PPO model parameters to be updated (ValueHead + 769 params):

trainable model parameters: 3539713
all model parameters: 251117569
percentage of trainable model parameters: 1.41%

ValueHead(
  (dropout): Dropout(p=0.1, inplace=False)
  (summary): Linear(in_features=768, out_features=1, bias=True)
  (flatten): Flatten(start_dim=1, end_dim=-1)
)


During PPO, only a few parameters will be updated.

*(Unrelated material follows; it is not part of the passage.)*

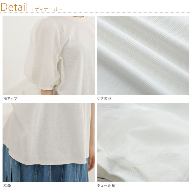 4. 大きいサイズ チュール重ね スリーブ カットソー
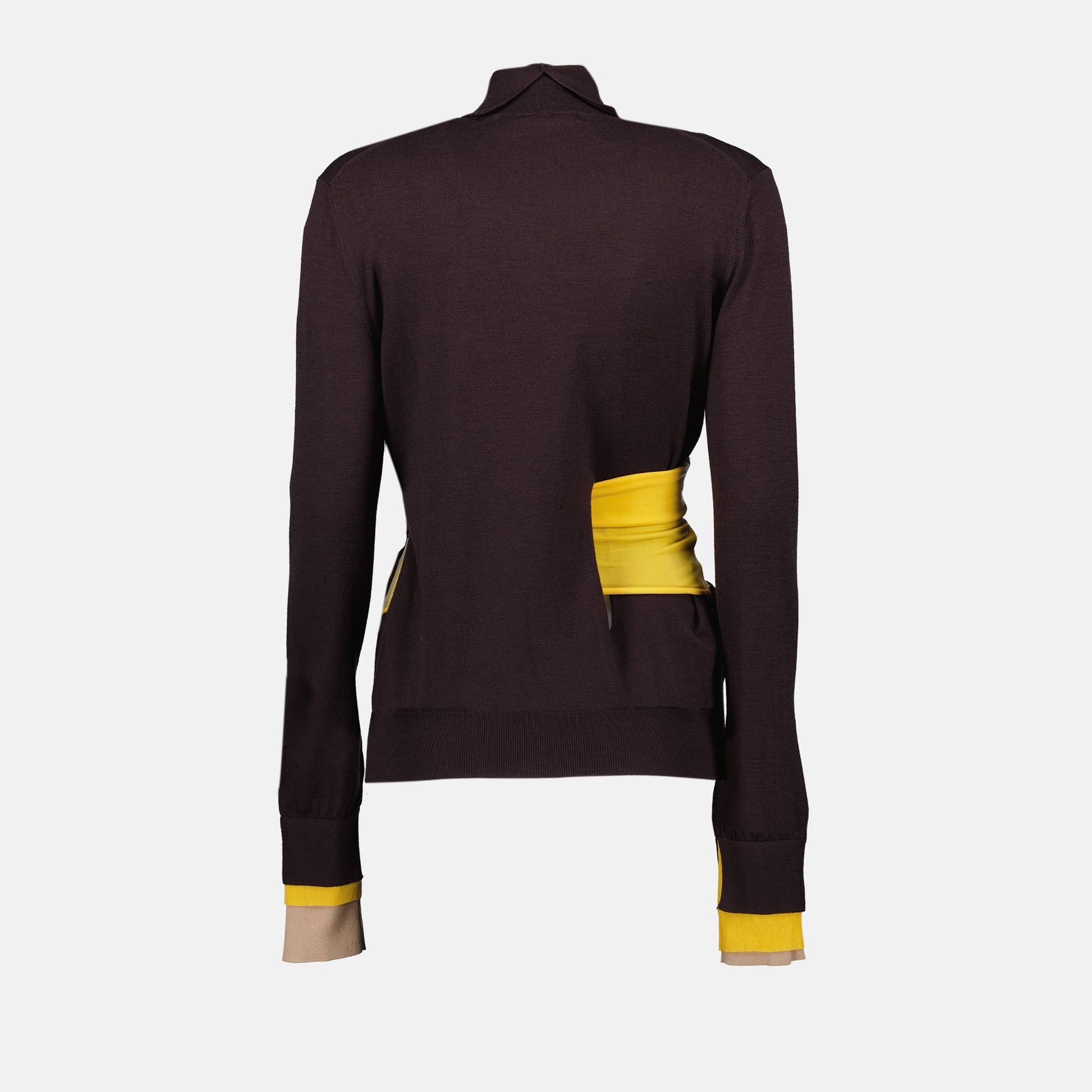Wool dress from the Fendi collection Autumn-Winter 2024 for women. Made of ribbed wool. Item Color: dark purple. Turtleneck and long sleeves.

Specifically, the parameters of the `ValueHead`. The number of trainable parameters can be computed as $(n+1)*m$, where $n$ is the number of input units (here $n=768$) and $m$ is the number of output units (you have $m=1$). The $+1$ term in the equation takes into account the bias term.

Create a frozen copy of the PPO model to serve as a reference model, representing the LLM before detoxification. This reference model will have its parameters unchanged during PPO training.

In [7]:
ref_model = create_reference_model(ppo_model)

print(f'Reference model parameters to be updated:\n{print_number_of_trainable_model_parameters(ref_model)}\n')

Reference model parameters to be updated:

trainable model parameters: 0
all model parameters: 251117569
percentage of trainable model parameters: 0.00%



Everything is set. It is time to prepare the reward model!

<a name='2.2'></a>
### 2.2 - Prepare Reward Model
Reinforcement Learning (RL) involves agents taking actions in an environment to maximize cumulative rewards, with the agent's behavior defined by a policy. In this context, the original policy is based on the instruct PEFT model, representing the LLM before detoxification. Human labeler feedback on toxicity can be costly, so a reward model is used instead to encourage detoxification of dialogue summaries.

The reward model will use Meta AI's RoBERTa-based hate speech model, which outputs logits predicting probabilities for the classes **nothate** and **hate**. The logits for **nothate** will serve as positive rewards for training.

To implement this, create an instance of the required model class for the RoBERTa model and load the corresponding tokenizer for testing. Remember that label **0** corresponds to **nothate** and label **1** to **hate**.

In [8]:
toxicity_model_name = "facebook/roberta-hate-speech-dynabench-r4-target"
toxicity_tokenizer = AutoTokenizer.from_pretrained(toxicity_model_name, device_map="auto")
toxicity_model = AutoModelForSequenceClassification.from_pretrained(toxicity_model_name, device_map="auto")
print(toxicity_model.config.id2label)

{0: 'nothate', 1: 'hate'}


Take some non-toxic text, tokenize it, and pass it to the model. Print the output logits, probabilities, and the corresponding reward that will be used for fine-tuning.

In [9]:
non_toxic_text = "#Person 1# tells Tommy that he didn't like the movie."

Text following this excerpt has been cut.